Forecast 2016 Computerworld survey states 29% of respondents identified initiatives and IoT projects such as machine-to-machine and telematics as new areas of spending for this year. By comparison, last year, only 12% of respondents said that the work of IoT would be a new IT spending in 2015. Similarly, the percentage of the respondent said they planned to launch IoT projects in the next 12 months, which is 15% higher as compared to last year.

Analysis

As businesses pivot towards the digital market, the significant expenditure in the analysis of data will continue. The business analysis was No. 5 on the list of major projects for IT respondents and No. 3 in the technologies that they will get an increase in expenses over the next 12 months.

Having organized all your data, companies are now finding out how to use them effectively. At the same time, the analytical capabilities are being integrated into more and more applications and workflows for daily use, rather than being only available in separate tools.
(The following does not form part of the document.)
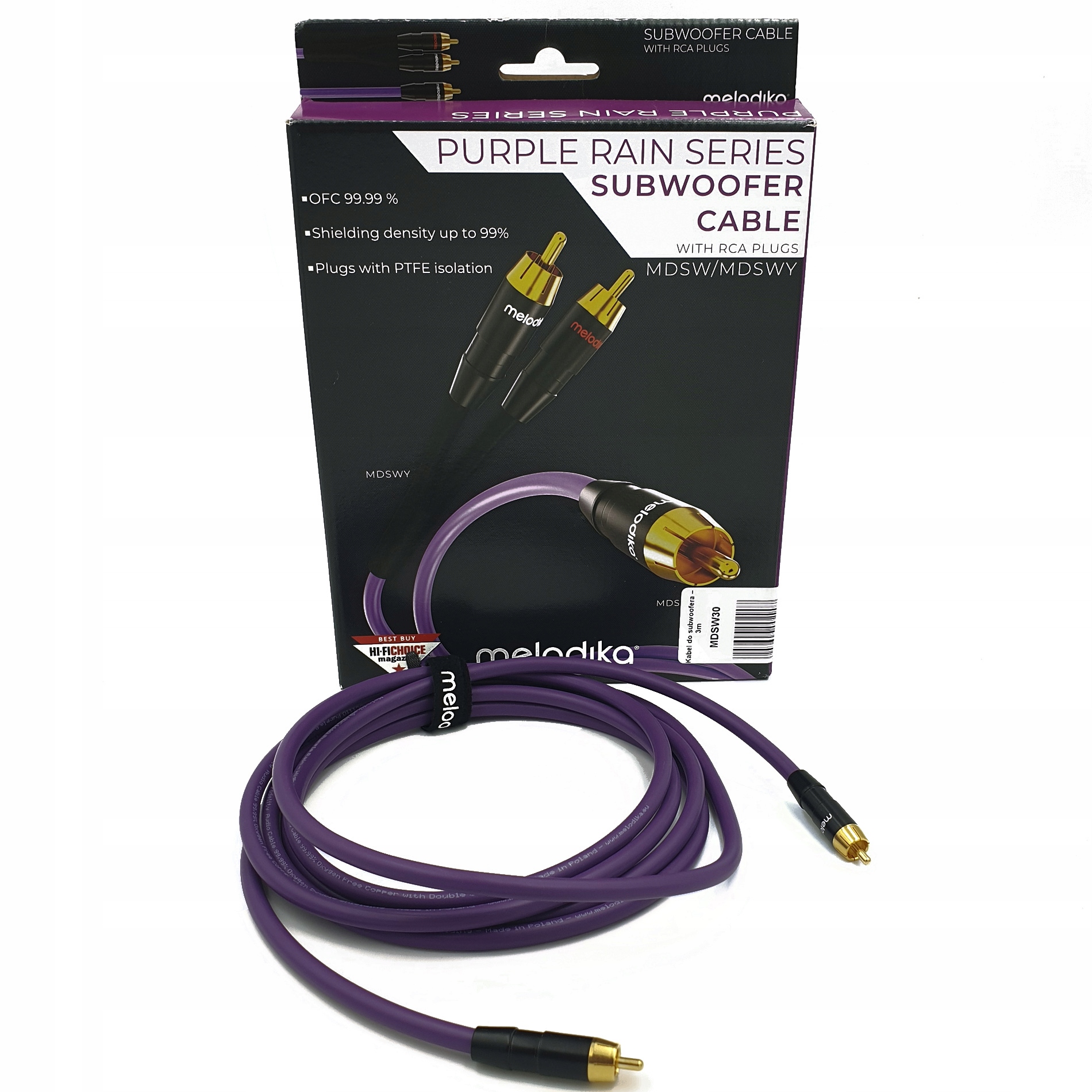 Melodika – це висококласний польський продукт, адресований усім шанувальникам гарного дизайну та чудового звуку. Про якість компанії свідчать її контракти на прокладку кабелів військової техніки, нафтових платформ або гібридних машин. Серія кабелів Melodika Purple Rain забезпечує цей рівень продуктивності в руках шанувальників чистого, красивого звуку. Усі кабелі виготовлені з матеріалів найвищої якості, на польських виробничих підприємствах під наглядом спеціалістів та аудіолюбителів.

The analysis also is infiltrating rapidly throughout the area of ​​machine learning, artificial intelligence and pattern recognition. This analysis can help discern patterns that are not apparent to humans.

The Wearables

While products like Google Glass and Apple Watch were announced with great fanfare, the reality is that companies are not willing to make practical use of the wearable systems, at least in the future foreseeable.

The wearable technology was last in the list of Forecast 2016 Computerworld survey, currently being evaluated in beta and pilot projects, with only 4% of respondents saying they had projects involving current wearables.

Moreover, 78% said they might work on wearable applications or anticipating the need to support wearables in the near future. And only 8% of these people said that the wearables would play a role in their commercial and technological operations while only 12% said they were adjusting their management strategies to include wearables mobile devices.